**WHAT THIS TASK INVOLVES:**
Restate the data below word for word. Skip any images it contains.

**PROVIDED MATERIAL:**

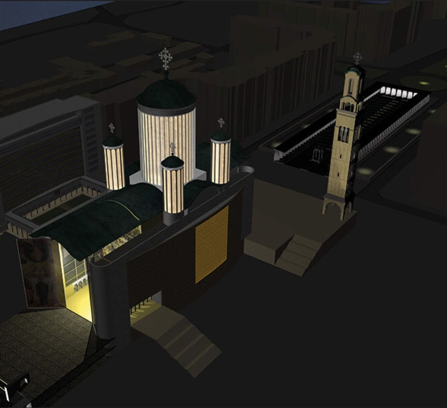 Așa arăta proiectul dumnealui și o ține langa că asta era ăla bunul. Un garaj cu două turle . Dar probabil nu înțeleg eu esența etno religioasă și universalitatea proiectului acestuia.
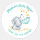 Adesivo Redondo Chá de fraldas de elefantes e estrelas Obrigado
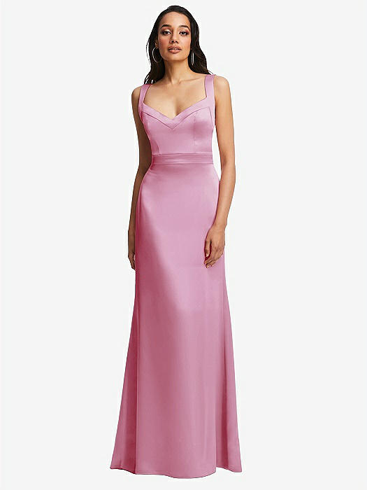 Strapless Basque-Neck Draped Stretch Satin Mermaid Dress with Horsehair Hem in cognac
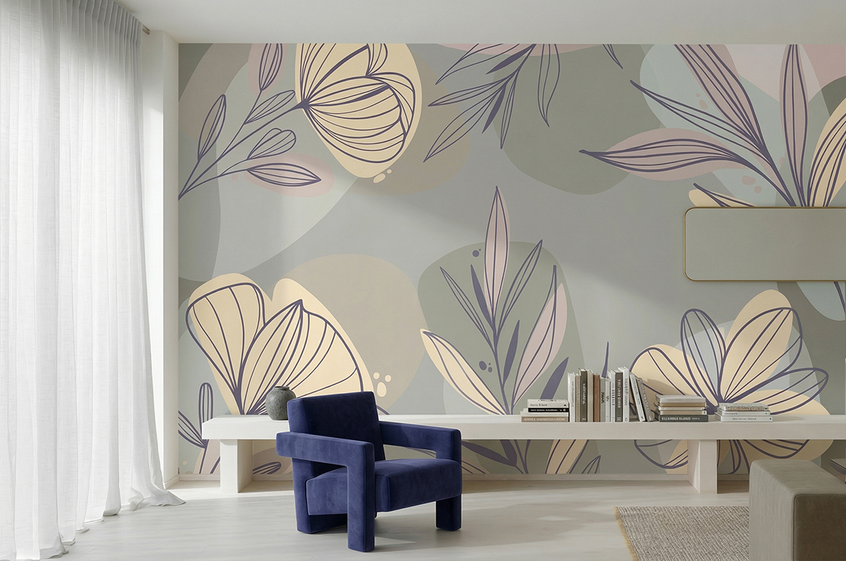 Авторские фотообои SV-006 «Цветы на сером» (на заказ)

**ANSWER BELOW:**
 Așa arăta proiectul dumnealui și o ține langa că asta era ăla bunul. Un garaj cu două turle . Dar probabil nu înțeleg eu esența etno religioasă și universalitatea proiectului acestuia.
 Adesivo Redondo Chá de fraldas de elefantes e estrelas Obrigado
 Strapless Basque-Neck Draped Stretch Satin Mermaid Dress with Horsehair Hem in cognac
 Авторские фотообои SV-006 «Цветы на сером» (на заказ)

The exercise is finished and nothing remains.